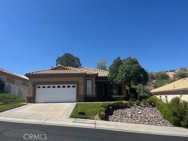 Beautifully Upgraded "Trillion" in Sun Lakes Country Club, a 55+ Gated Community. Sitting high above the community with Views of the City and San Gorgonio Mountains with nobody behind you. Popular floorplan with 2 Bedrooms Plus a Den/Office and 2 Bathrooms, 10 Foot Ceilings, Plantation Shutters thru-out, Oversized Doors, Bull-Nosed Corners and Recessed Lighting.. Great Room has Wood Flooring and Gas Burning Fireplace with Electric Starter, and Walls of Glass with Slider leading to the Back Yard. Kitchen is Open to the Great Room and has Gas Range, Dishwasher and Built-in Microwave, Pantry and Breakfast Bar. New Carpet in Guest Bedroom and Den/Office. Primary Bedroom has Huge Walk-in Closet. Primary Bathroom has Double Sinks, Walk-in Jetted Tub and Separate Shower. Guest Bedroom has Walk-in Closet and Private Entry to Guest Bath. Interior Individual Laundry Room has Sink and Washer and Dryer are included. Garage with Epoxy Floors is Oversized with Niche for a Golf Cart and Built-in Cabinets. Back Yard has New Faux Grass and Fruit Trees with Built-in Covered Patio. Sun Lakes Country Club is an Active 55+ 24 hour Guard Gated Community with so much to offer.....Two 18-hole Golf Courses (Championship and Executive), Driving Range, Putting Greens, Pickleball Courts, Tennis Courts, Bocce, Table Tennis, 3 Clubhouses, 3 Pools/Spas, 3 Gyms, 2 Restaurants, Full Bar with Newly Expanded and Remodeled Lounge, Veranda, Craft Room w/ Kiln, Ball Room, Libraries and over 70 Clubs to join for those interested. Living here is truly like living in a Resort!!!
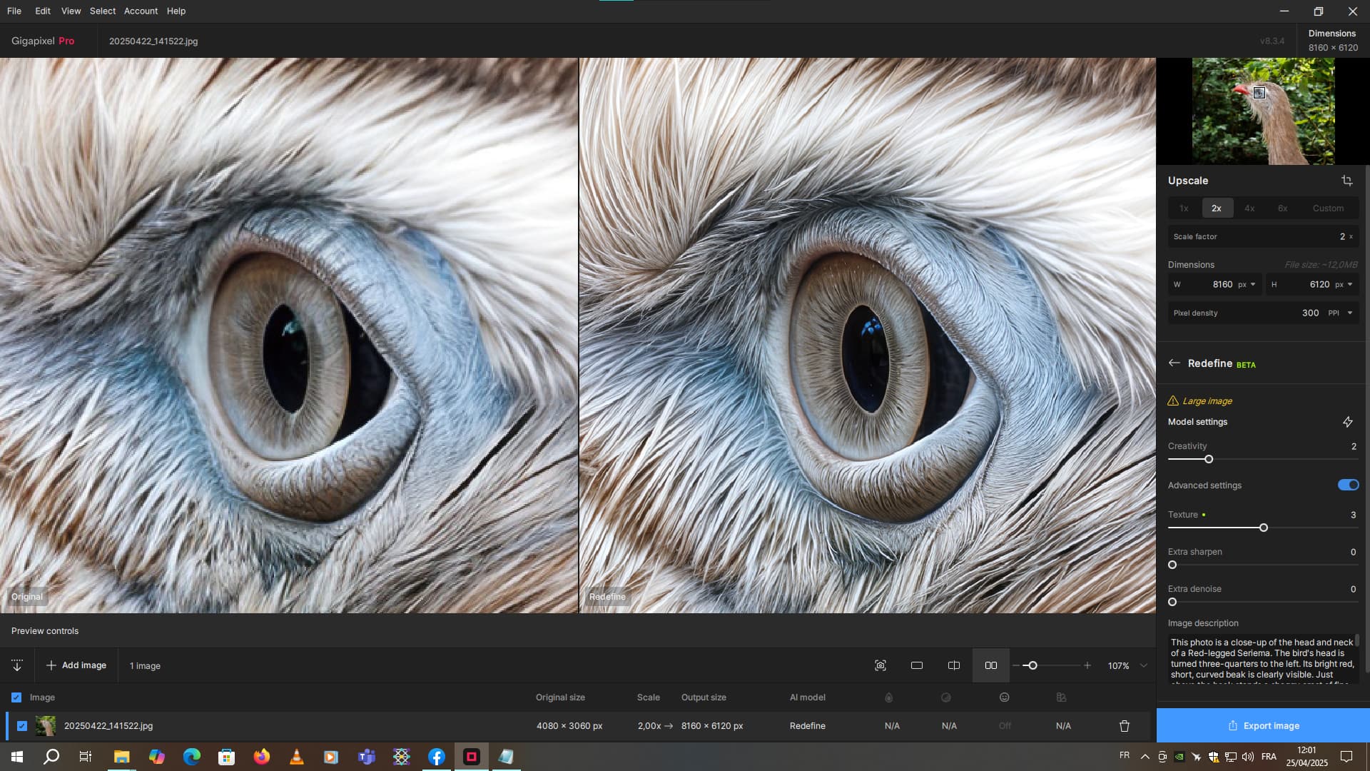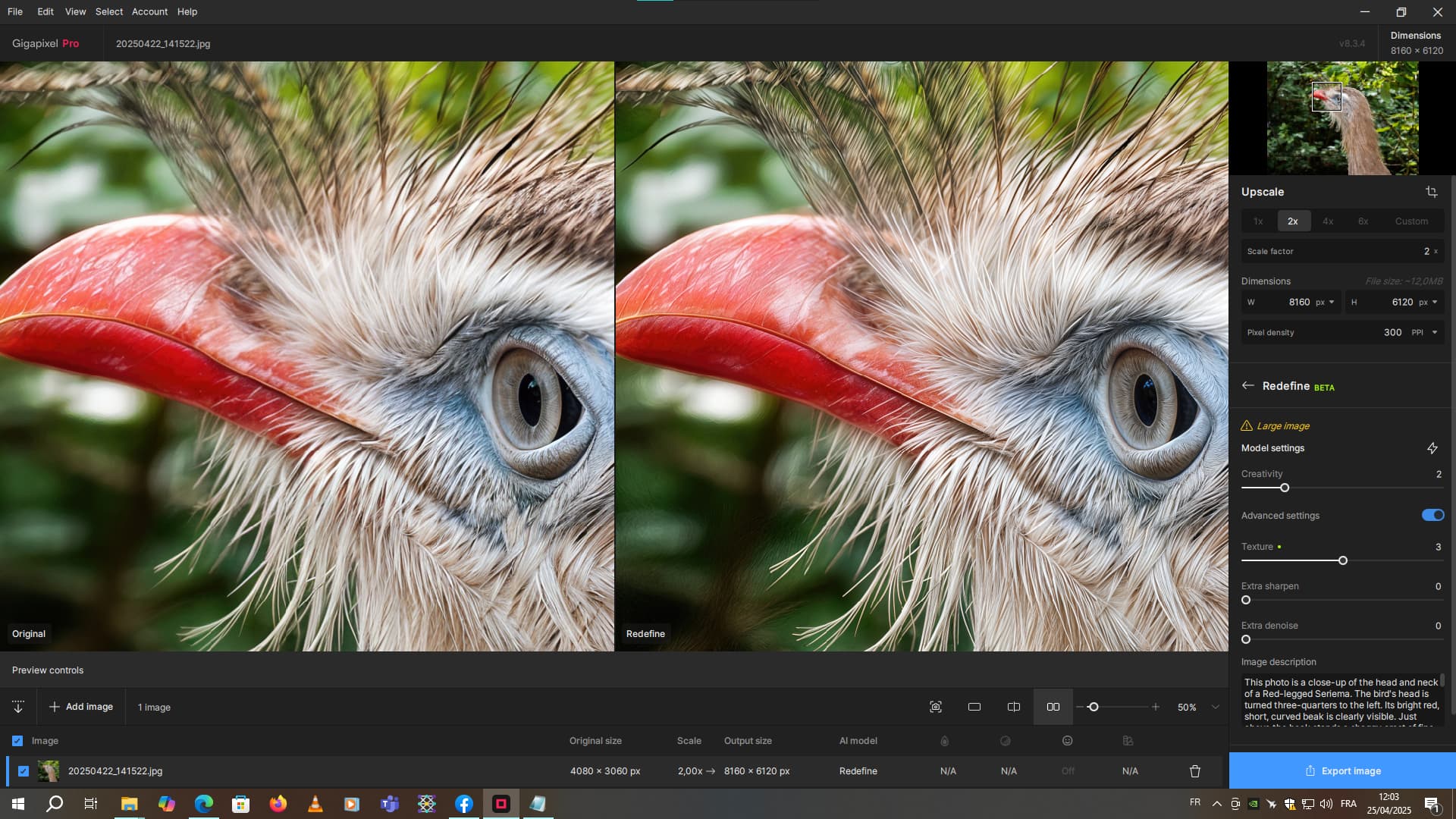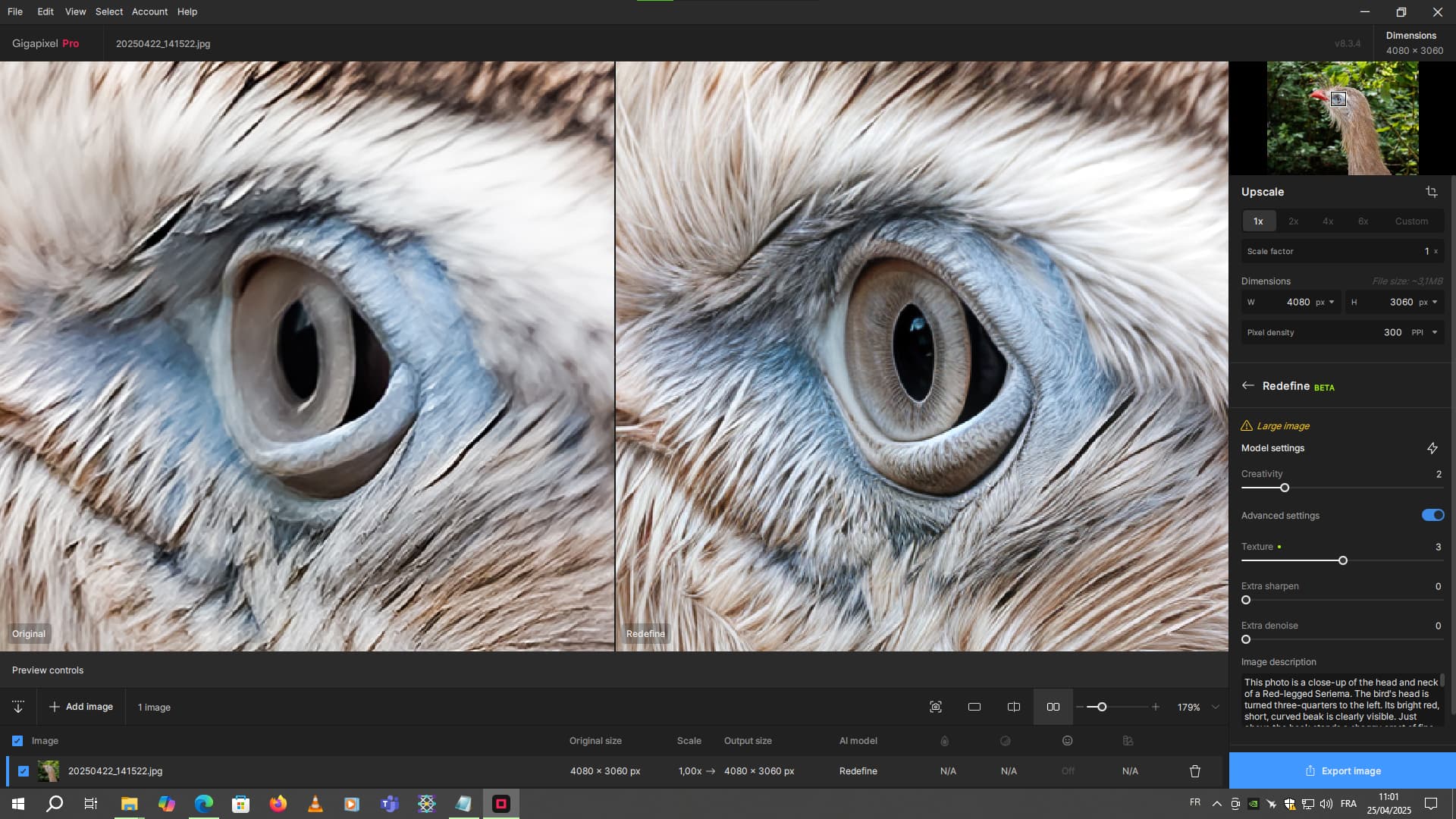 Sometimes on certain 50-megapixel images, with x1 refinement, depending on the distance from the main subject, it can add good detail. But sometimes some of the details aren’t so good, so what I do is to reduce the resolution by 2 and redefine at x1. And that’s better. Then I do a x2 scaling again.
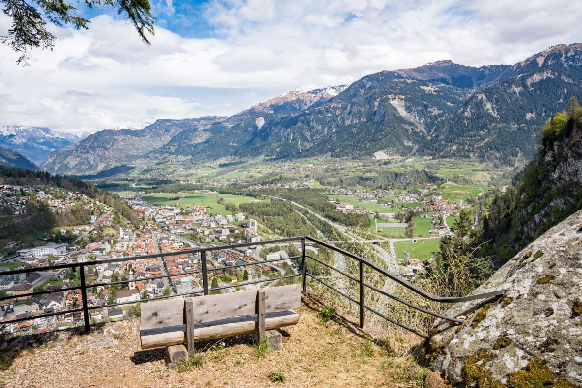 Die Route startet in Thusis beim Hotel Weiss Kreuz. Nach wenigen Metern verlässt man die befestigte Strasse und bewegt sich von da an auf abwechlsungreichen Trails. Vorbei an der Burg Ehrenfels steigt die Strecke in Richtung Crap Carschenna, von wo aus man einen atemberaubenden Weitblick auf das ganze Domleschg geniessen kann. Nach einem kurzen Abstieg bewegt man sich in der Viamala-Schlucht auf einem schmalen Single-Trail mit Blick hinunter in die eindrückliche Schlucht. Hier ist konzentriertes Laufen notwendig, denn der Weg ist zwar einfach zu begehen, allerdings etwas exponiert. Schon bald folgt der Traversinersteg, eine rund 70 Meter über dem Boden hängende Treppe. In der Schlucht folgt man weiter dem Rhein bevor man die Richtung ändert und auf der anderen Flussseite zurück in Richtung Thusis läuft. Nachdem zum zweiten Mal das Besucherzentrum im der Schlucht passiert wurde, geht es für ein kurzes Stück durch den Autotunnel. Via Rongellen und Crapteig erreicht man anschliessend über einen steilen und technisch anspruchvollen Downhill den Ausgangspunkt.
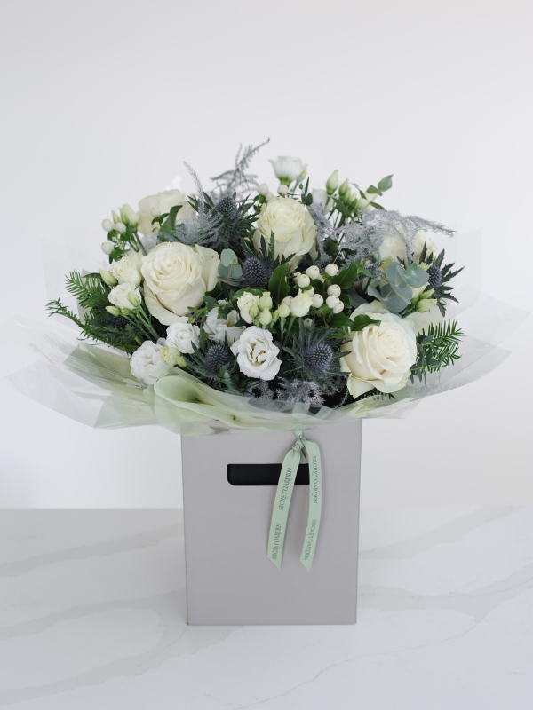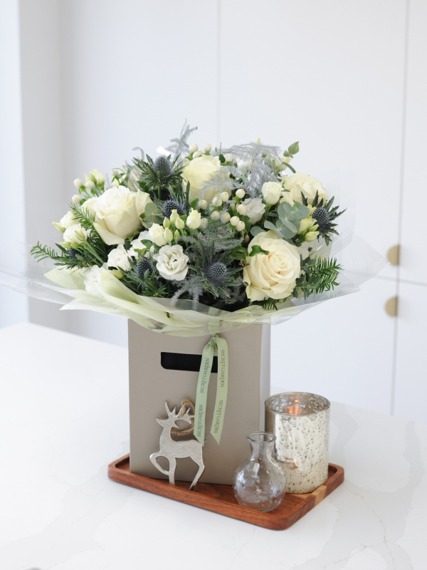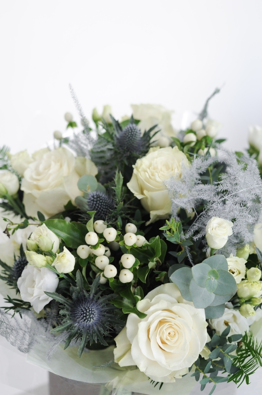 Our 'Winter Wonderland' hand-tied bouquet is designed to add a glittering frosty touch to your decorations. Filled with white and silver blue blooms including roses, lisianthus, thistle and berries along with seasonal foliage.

= = = = = = =

● WORK ITEM:
Reproduce the lines of the data that run from the one containing "Die Route startet" to the final line, both included, exactly as they appear and without the pictures.

● SOLUTION BELOW:
 Die Route startet in Thusis beim Hotel Weiss Kreuz. Nach wenigen Metern verlässt man die befestigte Strasse und bewegt sich von da an auf abwechlsungreichen Trails. Vorbei an der Burg Ehrenfels steigt die Strecke in Richtung Crap Carschenna, von wo aus man einen atemberaubenden Weitblick auf das ganze Domleschg geniessen kann. Nach einem kurzen Abstieg bewegt man sich in der Viamala-Schlucht auf einem schmalen Single-Trail mit Blick hinunter in die eindrückliche Schlucht. Hier ist konzentriertes Laufen notwendig, denn der Weg ist zwar einfach zu begehen, allerdings etwas exponiert. Schon bald folgt der Traversinersteg, eine rund 70 Meter über dem Boden hängende Treppe. In der Schlucht folgt man weiter dem Rhein bevor man die Richtung ändert und auf der anderen Flussseite zurück in Richtung Thusis läuft. Nachdem zum zweiten Mal das Besucherzentrum im der Schlucht passiert wurde, geht es für ein kurzes Stück durch den Autotunnel. Via Rongellen und Crapteig erreicht man anschliessend über einen steilen und technisch anspruchvollen Downhill den Ausgangspunkt.
 Our 'Winter Wonderland' hand-tied bouquet is designed to add a glittering frosty touch to your decorations. Filled with white and silver blue blooms including roses, lisianthus, thistle and berries along with seasonal foliage.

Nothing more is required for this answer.